Thank you! It works great.

kskyten avatar Apr 24 '19 19:04 kskyten

Now that it worked, you can make a modification to the pdPageExtractText which can take a clipping rectangle path as input or certain font characteristics as input parameter and submit a PR.

sambitdash avatar Apr 24 '19 20:04 sambitdash

Is there an example of how to extract all bold text in a pdf page?

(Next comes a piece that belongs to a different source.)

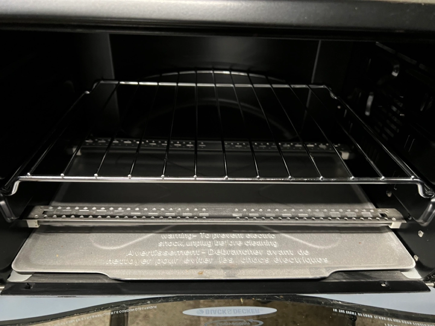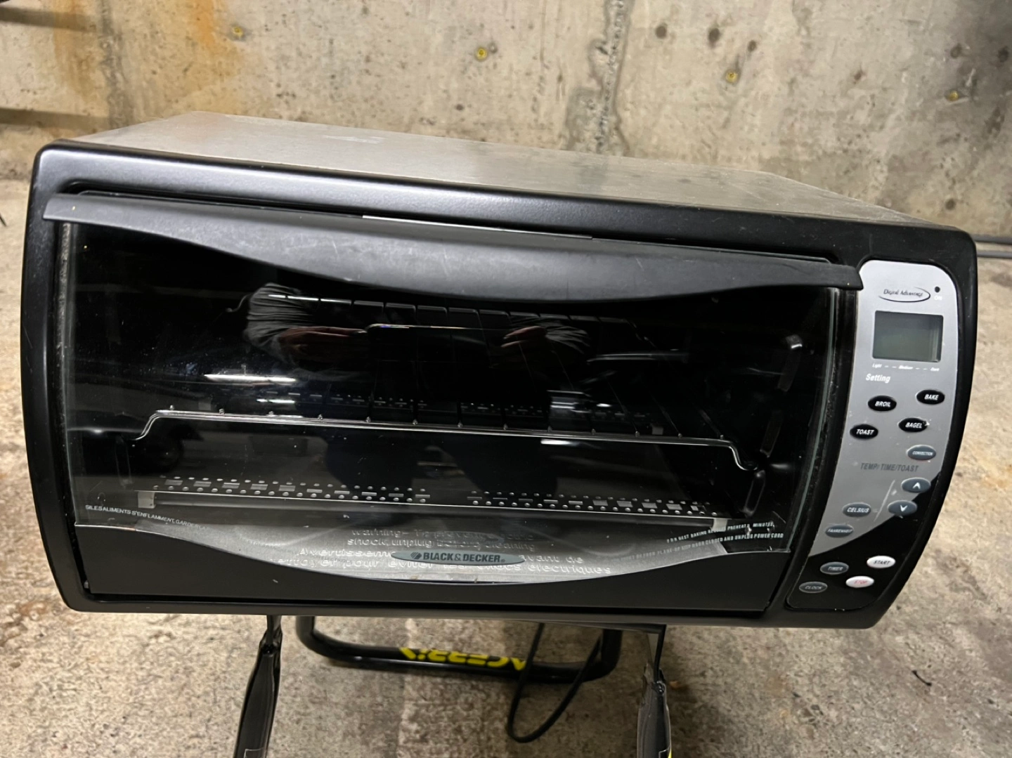70Black and Decker toaster oven. Includes baking pan and wire rack. Has digital controls. Clean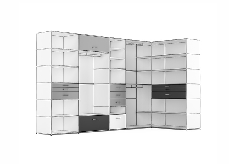 量身定制的更衣空间,满足您的个性化需求。既可打造壁挂式开放单元,也能组合成功能性封闭衣柜、抽屉柜或精致的鞋柜。为您的家塑造独特且经典的专属更衣空间吧!

Nosferican avatar Nov 09 '20 22:11 Nosferican

You can initialize :clipping_rect in pdPageExtractText

You can go to this location: https://github.com/sambitdash/PDFIO.jl/blob/95000b69625cfbd51cf7825470def0d4df9192aa/src/PDPageElement.jl#L653

This code will for example exclude all Italic fonts.

    if !get(state, :in_artifact, false) && !pdFontIsItalic(font)
        tl = TextLayout(tb[1,1], tb[1,2], tb[2,1], tb[2,2],
                        tb[3,1], tb[3,2], tb[4,1], tb[4,2],
                        text, fontname, font.flags)
        r = CDRect(tl)
        if intersects(r, get(state, :clipping_rect, CDRect{Float32})
            push!(heap, tl)
        end
    end

You do not need to override any other method to my belief as overriding them will clearly affect the PDF graphics state and transformation matrices may be seriously affected, thus affecting the renderer logic. Without understanding PDF specification page rendering any such changes can detrimental to the output. Will recommend reading the chapter on PDF text rendering for the same.

Use pdFontIsBold instead of pdFontIsItalic in the code.

sambitdash avatar Nov 11 '20 06:11 sambitdash

I ended up working with the text itself but it would be nice to have a code snippet / example from the PDF page to running the custom pdPageExtractText.